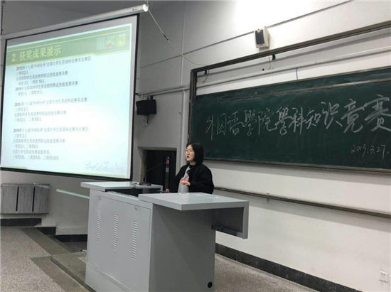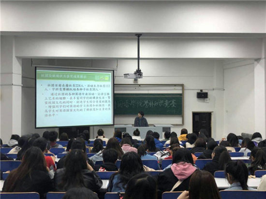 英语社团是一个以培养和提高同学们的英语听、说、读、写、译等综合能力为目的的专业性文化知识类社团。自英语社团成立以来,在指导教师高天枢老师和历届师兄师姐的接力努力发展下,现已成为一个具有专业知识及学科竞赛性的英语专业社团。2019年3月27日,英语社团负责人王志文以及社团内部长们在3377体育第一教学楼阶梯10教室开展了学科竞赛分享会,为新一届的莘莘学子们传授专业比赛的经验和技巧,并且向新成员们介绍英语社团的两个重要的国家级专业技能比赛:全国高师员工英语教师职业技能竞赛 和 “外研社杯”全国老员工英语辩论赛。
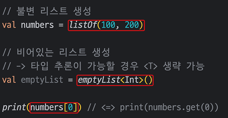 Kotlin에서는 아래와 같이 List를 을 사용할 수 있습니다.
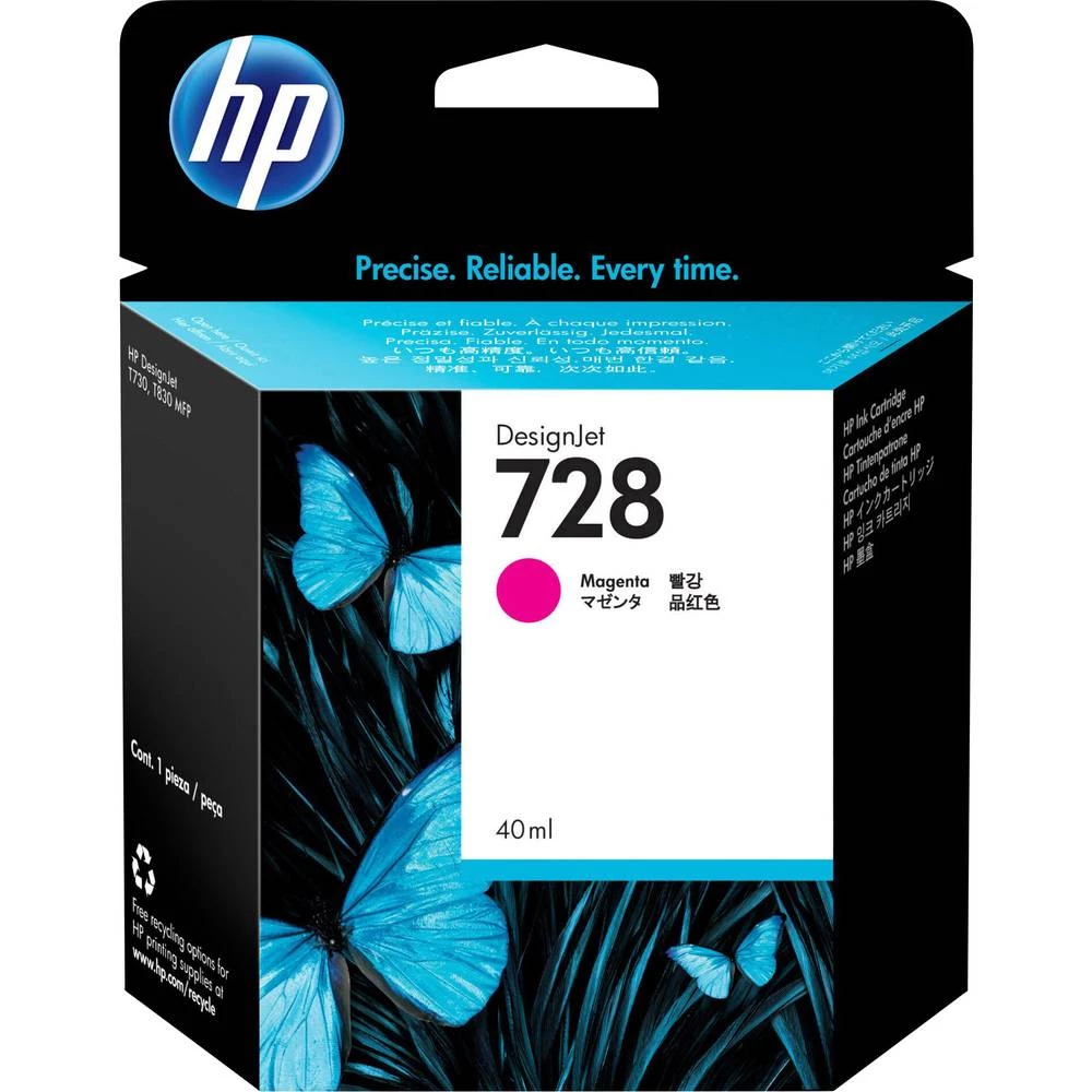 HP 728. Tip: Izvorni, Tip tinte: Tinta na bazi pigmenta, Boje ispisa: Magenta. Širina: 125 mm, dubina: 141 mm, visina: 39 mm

...

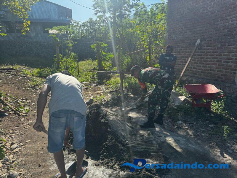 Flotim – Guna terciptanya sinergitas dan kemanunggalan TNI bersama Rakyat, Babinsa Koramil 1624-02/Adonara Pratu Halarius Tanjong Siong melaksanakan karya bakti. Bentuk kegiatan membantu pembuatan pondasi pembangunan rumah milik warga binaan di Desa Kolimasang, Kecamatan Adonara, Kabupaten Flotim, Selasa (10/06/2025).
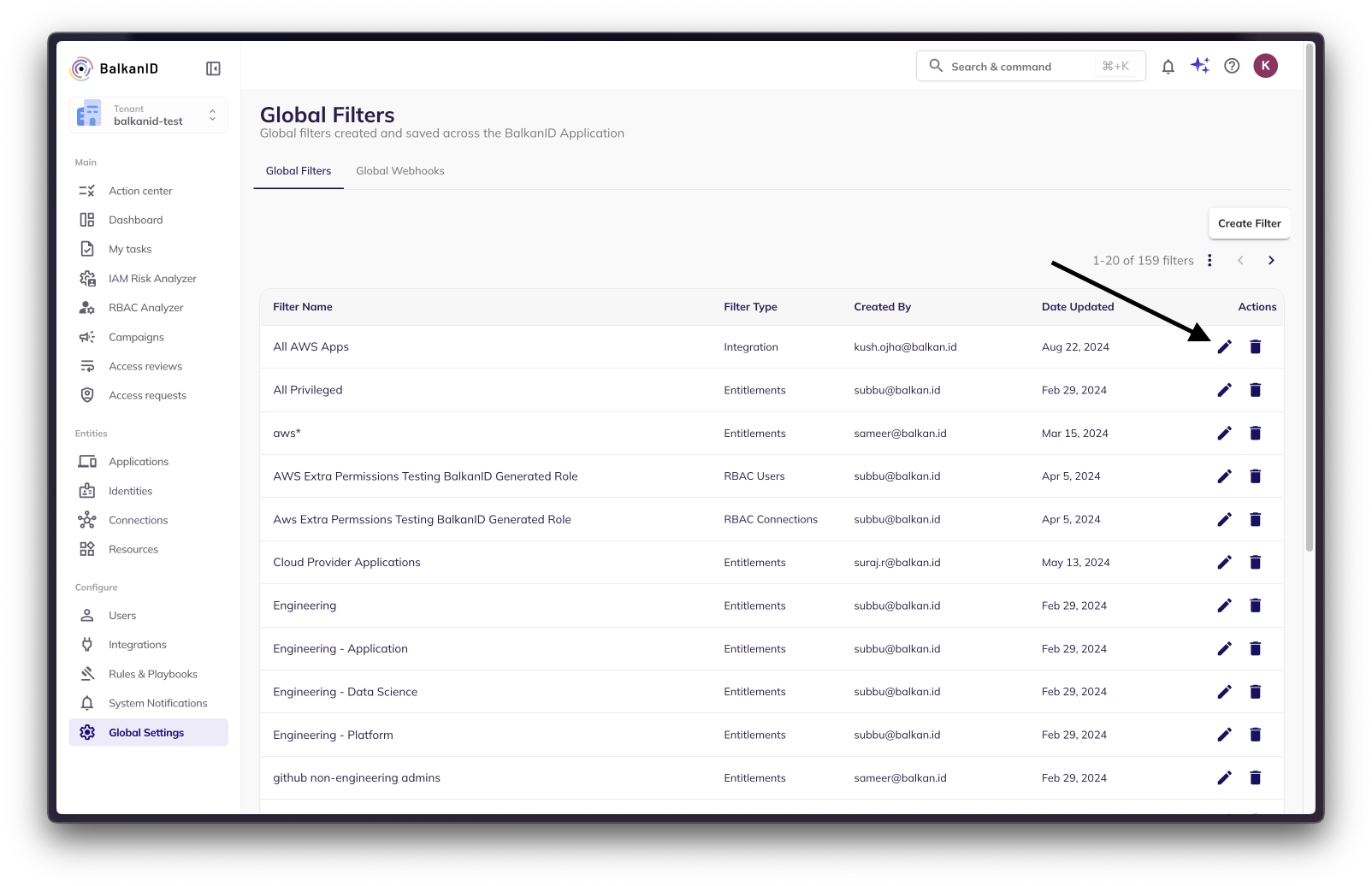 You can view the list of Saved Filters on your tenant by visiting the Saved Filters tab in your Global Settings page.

- [DESCRIPTION OF THE TASK]
The lines above starting at the one that holds "Kotlin에서는 아래와 같이 List를 을 사용할 수 있습니다." and ending at the one that holds "HP 728. Tip: Izvorni, Tip" are to be written out exactly, ends included, and no pictures are to be copied.

- [RESULT OF THE EXERCISE]
 Kotlin에서는 아래와 같이 List를 을 사용할 수 있습니다.
 HP 728. Tip: Izvorni, Tip tinte: Tinta na bazi pigmenta, Boje ispisa: Magenta. Širina: 125 mm, dubina: 141 mm, visina: 39 mm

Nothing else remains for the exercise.